Additional Requirement. Majors must take ONE course in statistics or research methods selected from the following: Chemistry 211, Mathematics 090, 100, 113, or 114, Sociology 211. (N.B: Of these courses, only Chemistry can also be counted as part of the 15 hours in natural science).

Note: ENVS 490 and ENVS 491 combined count for three hours.

Minor. A student may pursue a minor in Environmental Studies by submitting a plan of study for approval (the minor form is available from the Office of the Registrar) and a one-page rationale to the Program Director. A minor must include a minimum of 15 hours in at least five Environmental Studies courses, including two or more components of work at the non-introductory level. There must be at least seven hours of work in the natural sciences and at least seven in social sciences and/or humanities. At least 10 hours must be taken at Oberlin.

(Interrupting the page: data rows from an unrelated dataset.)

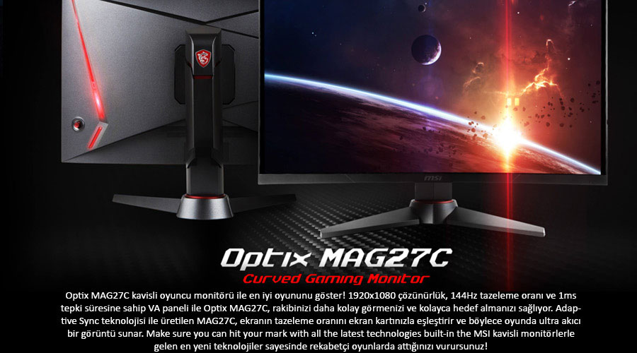 MSI, oyuncular için donanım olanaklarını genişletiyor. Oyunculara kendilerini oyunun tamamen içinde hissedecekleri bir deneyim yaşatabilmek için yeni ve güçlü bir kavisli monitör serisi hazırlayan MSI, Optix MAG serisi ile 2 farklı boyutta 3 model sunuyor: MSI Optix MAG24C, MSI Optix MAG27C ve serinin amiral gemisi olan MSI Optix MAG27CQ, MSI’ın oyun monitörü pazarına ihtişamlı girişini müjdeliyor. Optix MAG27CQ en yeni oyun özellikleri kullanıcıyı oyunun içine tamamen hapsediyor. Kavisli VA panel, 1800R yarıçap, 1440p WQHD çözünürlük, 144Hz tazeleme oranı ve 1ms tepki süresi ile bu oyun monitörü hız ve çarpıcı görseller için üretildi.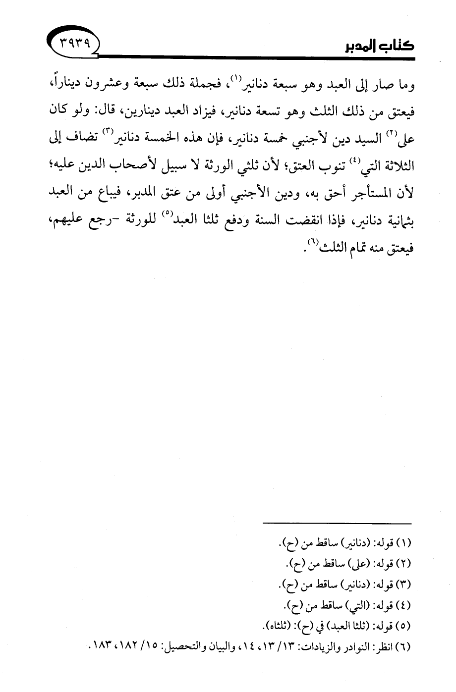 (¬6) انظر: النوادر والزيادات: 13/ 13، 14، والبيان والتحصيل: 15/ 182، 183.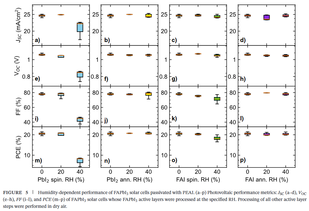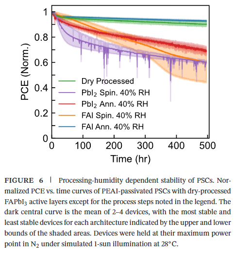 - 性能与稳定性“脱钩”:虽然器件初始效率在宽湿度范围内差异不大,但稳定性对环境条件极为敏感。干法制备或最终退火在湿度下进行的器件表现出显著提升的长期光照稳定性。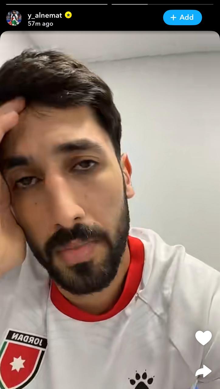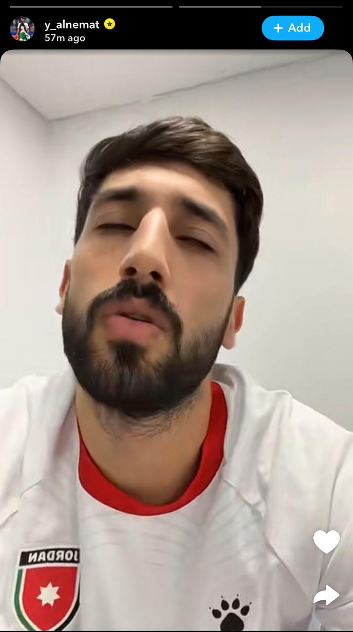 ونشر النعيمات ستوري عبر حسابه الشخصي على تطبيق "سناب شات"، دعا خلالها الجماهير إلى الاستمرار في دعم المنتخب، قائلا: "شجعوا رجال النشامى الأبطال سواء كنتم داخل الملعب أو خارجه، شجعوهم دائما."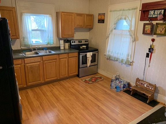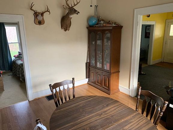 Entrance: Open front porch leads to living room. Living Room: Grey carpet, yellow painted walls white trim Dining Room: Large dining room has laminate floor, one wall with barn siding. Painted walls Kitchen: Oak cabinets, blue counter top, stainless sink, white walls. Appliances not included. Bath: Whtie fixtures, vanity, tub/shower. Washer/dryer room is in this bathroom. Bedroom: Low nap carpet, painted walls Bedroom: Low nap carpet, painted walls Bedroom: Was also back porch, low nap carpet, painted walls Basement: Outside entrance has over head garage door. Inside entrance from back porch/bedroom. Block basement has three rooms and holds the gas furnace and water heater. This basement has not had water from the river. It does get water from the garage doors if there is a heavy rain because the driveway leads downward into the basement. Drilled well, septic tank, LP gas tank. Lots of big yard space. Rushville school district but Beardstown address.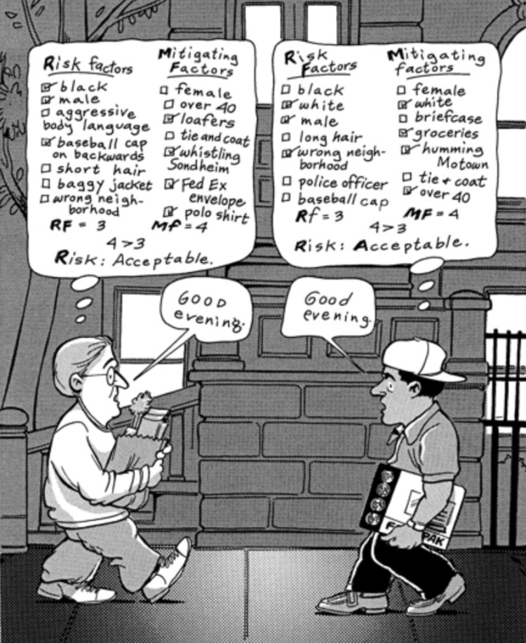 For example, in the cartoon, being black equates to risk, and location has an effect on risk levels. In both character’s heads, being female, being over 40, and looking professional are all mitigating factors — meaning they decrease the perceived risk .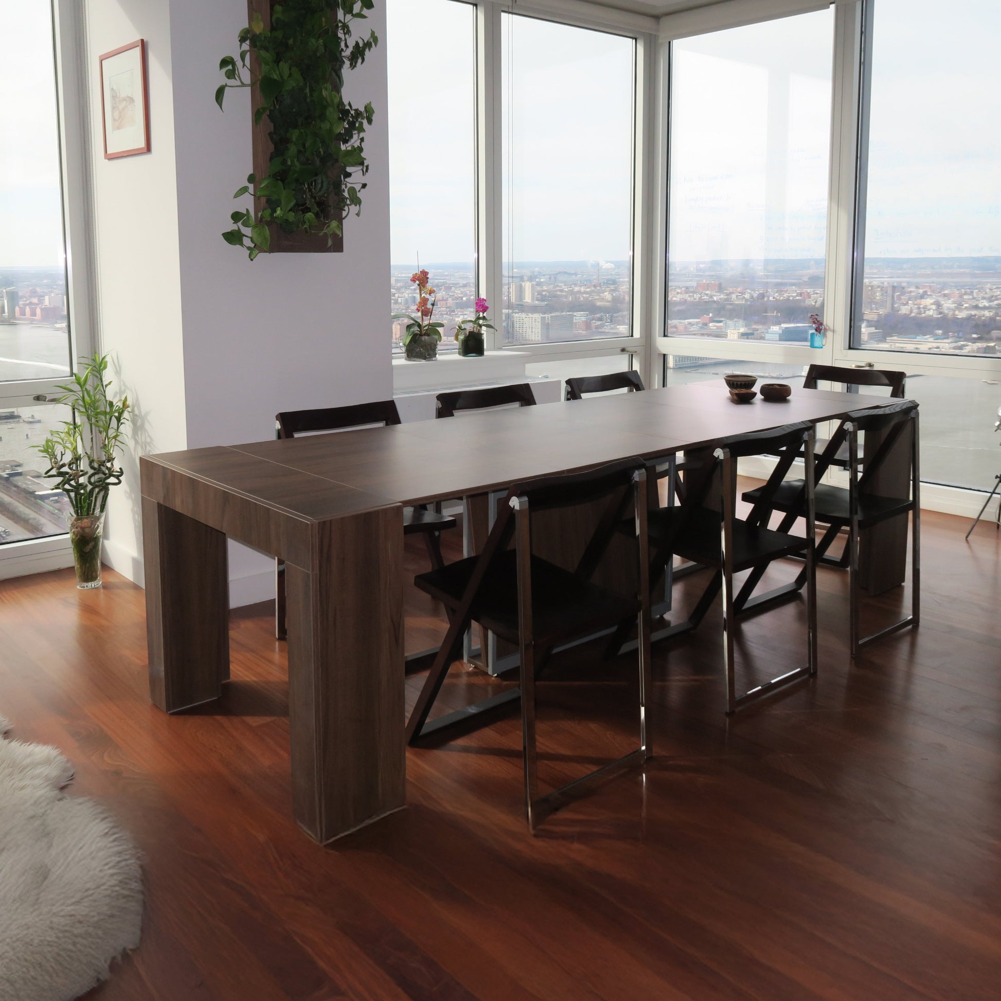 Seat 12 people comfortably and even squeeze in more for a big gathering. One of the largest and the most convenient transforming dinner tables on the market. It has features other tables don't, like extension locks, self storage, dual console locks, rotating support base and panel matches across 5+ extensions so the grains connect. As a small console size this measures at 19.69" deep by 36.22" wide, perfectly sized for modern apartments but expandable to over 10.5 feet in length. The table has wheels as well as fabric sliders underneath the legs so they easily glide while protecting your floors. Extensions snap together with dowels but can optionally be locked together with a twist.

General. In addition to coursework, the following opportunities are available to students interested in environmental problems.

1. Internships with government agencies (e.g., public schools, Forest Service, EPA) or private organizations (e.g., Nature Conservancy, International Audubon Society, National Science Foundation) involved in some aspect of environmental research, regulation, or advocacy may be a valuable learning and career planning experience. Internships may be undertaken during Winter Term, an off-campus semester, or in the summer. Normally these internships do not earn academic credit. Files of volunteer and paid internships are maintained in the Resource Center of the A.J. Lewis Center for Environmental Studies.
2. During Winter Term the Environmental Studies Program often sponsors an on-campus group project which provides an opportunity for students to earn Winter Term credit as either participants, group leaders, or coordinators. In recent years projects dealt with architecture and ecological design, Black River Watershed education, and community gardens.
3. The Honors Program in Environmental Studies involves completion of an independent research project during the student's senior year and an oral examination on the research. The project involves ongoing consultation with at least two faculty members. Qualified majors will be invited to apply during their junior year, with applications due April 4. Acceptance into the Honors Program is based on the student's academic achievements, the suitability of the proposed project, and his or her potential to do substantial independent research. Detailed guidelines for the Environmental Studies Honors Program are available in the program office.
4. The program sponsors a series of public lectures by guest speakers and faculty members.
5. Students may schedule a private reading course during their junior or senior years. In the past, students have taken private readings in ecological design, ecological economics and eco-feminism. Work done through Private Reading does not count toward completion of the major.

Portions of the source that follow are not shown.